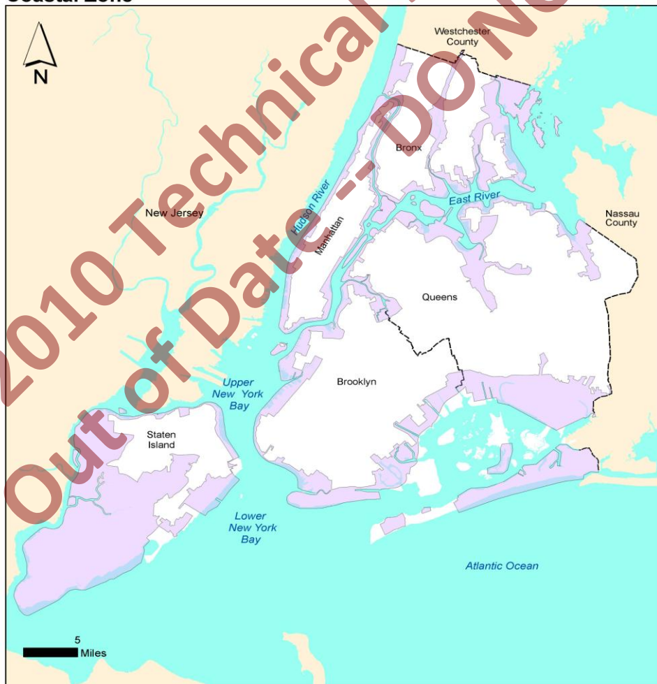
Figure 4-3 Coastal Zone

COASTAL ZONE. New York City's WRP establishes Coastal Zone boundaries (Figure 4-3), within which all discretionary actions must be reviewed for consistency with Coastal Zone policies. The Coastal Zone, which is mapped in the City's Coastal Zone Boundaries maps, is the geographic area of New York City's coastal waters and adjacent shorelands that have a direct and significant effect on coastal waters. It generally extends landward from the pierhead line or property line (whichever is furthest seaward) to include coastal resources and upland, usually at least to the first mapped street. The Coastal Zone includes islands, tidal wetlands, beaches, dunes, barrier islands, cliffs, bluffs, intertidal estuaries, flooding and erosion-prone areas, port facilities, vital built features (such as historic resources), and other coastal locations. The Coastal Zone should not be confused with the more limited areas of "waterfront blocks" or "waterfront lots" --terms defined in Article VI, Chapter 2 of the NYC Zoning Resolution.
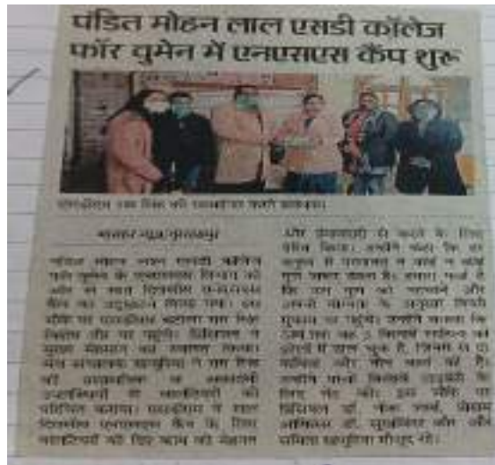
Activities of NSS camp
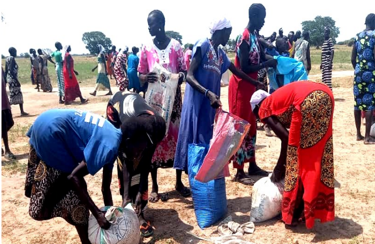
Women distribute smaller portions to single refugees.
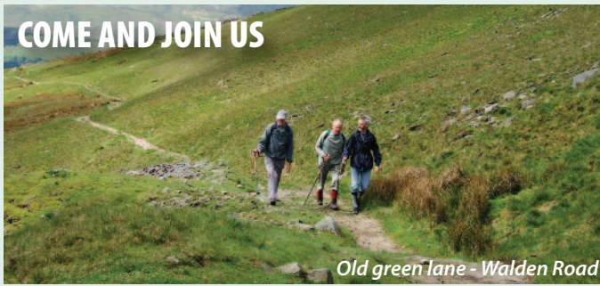
Old green lane - Walden Road

The Yorkshire Dales Public Transport Users Group , of which DalesBus Ramblers is a part, has campaigned for more than ten years to safeguard DalesBus - the greener way to enjoy the Yorkshire Dales.

> What the exercise asks
Exactly the lines from the one containing "Old green lane - Walden Road" to the final line of the data, both included, should be printed, and nothing more.

> Task output
Old green lane - Walden Road

The Yorkshire Dales Public Transport Users Group , of which DalesBus Ramblers is a part, has campaigned for more than ten years to safeguard DalesBus - the greener way to enjoy the Yorkshire Dales.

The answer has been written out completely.